Quand le forum livrera ses secrets …

Les fouilles ont récemment repris au parc archéologique européen de Bliesbruck-Reinheim au niveau du forum, véritable centre névralgique et commercial de la cité gallo-romaine de Moselle. Cette nouvelle campagne scientifique est menée par une équipe internationale, composée notamment d’étudiants italiens, suite aux liens tissés lors de l’exposition consacrée à Pompéi il y a quelque temps sur le site. En 2008, une abside ainsi que des constructions avaient déjà été mis à jour. Ceci avait permis de dévoiler un grand bâtiment rectangulaire, peut-être une fontaine monumentale ou un nymphée. Cette année, les archéologues ont décidé d’élargir le périmètre des fouilles afin d’étudier l’agencement des constructions devant et derrière la fontaine. A cette fouille, s’ajoute celle d’un des bâtiments jouxtant le forum. Celui-ci devait être assez imposant, comme le laissent suggérer son plan basilical ainsi que ses piliers. Les archéologues ont immédiatement retrouvé des tuiles, ce qui signifie que l’édifice a fini par s’écrouler sur lui-même, préservant ainsi des vestiges qui pourraient peut-être éclairer les scientifiques sur la fonction du bâtiment dans la cité gallo-romaine des bords de la Blies. Cité de plusieurs milliers d’habitants dont on ne connaît toujours pas le nom …

3 réflexions au sujet de “Quand le forum livrera ses secrets …”

  1. Les fouilles ont dernièrement repris au Parc Archéologique Européen de Bliesbruck-Reinheim. Une équipe franco-italienne poursuit en effet ses investigations sur le forum pour la quatrième année consécutive. L’objectif est de tenter de comprendre la fonction des bâtiments encadrant ce qui devait abriter une fontaine monumentale, notamment la basilique, qui au temps des romains n’était pas un édifice religieux, mais souvent un lieu de pouvoir. Les chercheurs ont minutieusement dégagé les bases des piliers de grès et ont étudié une des pièces qui a subi des transformations durant l’Antiquité tardive. Dans l’autre bâtiment, sans doute dédié au commerce, l’équipe s’est concentrée sur une cave. Un troisième groupe cherchait les traces des chemins empierrés menant des thermes à la voie romaine, pour comprendre comment s’organisait la circulation sur cette ancienne place publique. S’il n’y a pas eu, pour l’heure, de découverte majeure, les archéologues ont fait un pas de plus dans la compréhension de cette cité gallo-romaine qui n’a toujours pas livré son nom.

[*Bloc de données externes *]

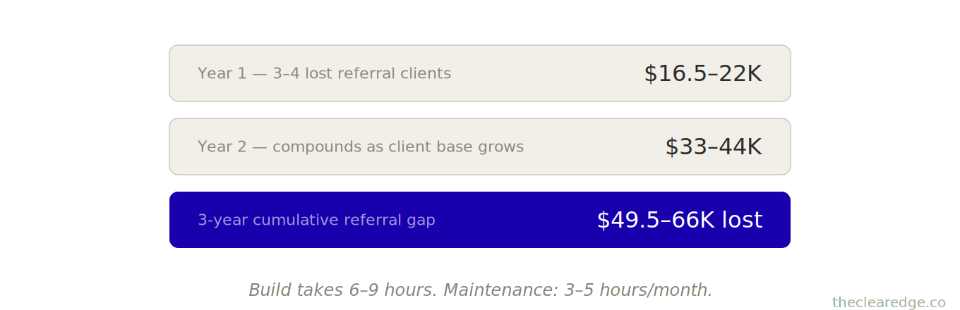 Over 3 years: $49,500–$66,000 in cumulative lost revenue from referrals that should have happened

  2. Après quatre ans de fouilles, le site archéologique de l’ancienne église de Bliesbruck, détruite en 1944, n’a pas encore livré tous ses secrets. Mais les recherches d’une quinzaine d’étudiants, parmi lesquels des Belges de l’Université Libre de Bruxelles, ont permis d’en apprendre plus sur l’édifice enfoui situé sur la rive droite de la Sarre. D’après les éléments découverts, les spécialistes s’accordent à dire que le chœur daterait du IXème siècle. La fouille de la nef, si elle était programmée, permettrait d’en savoir plus.
    Les scientifiques savaient déjà que l’église avait été construite sur les bases d’une précédente plus petite, élevée au XIVème siècle et détruite en 1772. Ils savaient également qu’un état primitif de l’église existait avant le XIVème siècle. Cela dit, rien n’explique à l’heure actuelle pourquoi et quand l’ancien site gallo-romain de Bliesbruck a été abandonné au profit de la rive droite de la Sarre.

  3. Jusqu’en 2013, les fouilles s’étaient concentrées sur le forum, en face des thermes de Bliesbruck. Fruit d’un partenariat établi entre le Conseil départemental de la Moselle et l’Université de Chieti-Pescara, ces recherches sur le site archéologique ont notamment permis de dévoiler les vestiges d’une fontaine monumentale. Les fouilles se concentrent désormais sur la partie méridionale de la cité. Des prospections ont été menées dans ce secteur. Elles mettent en évidence des bâtiments et une voie romaine.
    Agglomération secondaire de l’Empire romain comme il en existait tous les 20 ou 30 km, l’ancienne cité des Médiomatriques n’a pas encore dévoilé tous ses mystères. Comparable à Pompéi, en superficie tout du moins, elle reflète le développement urbain et les modes de vie adoptés entre le II et le IIIème siècle après J-C.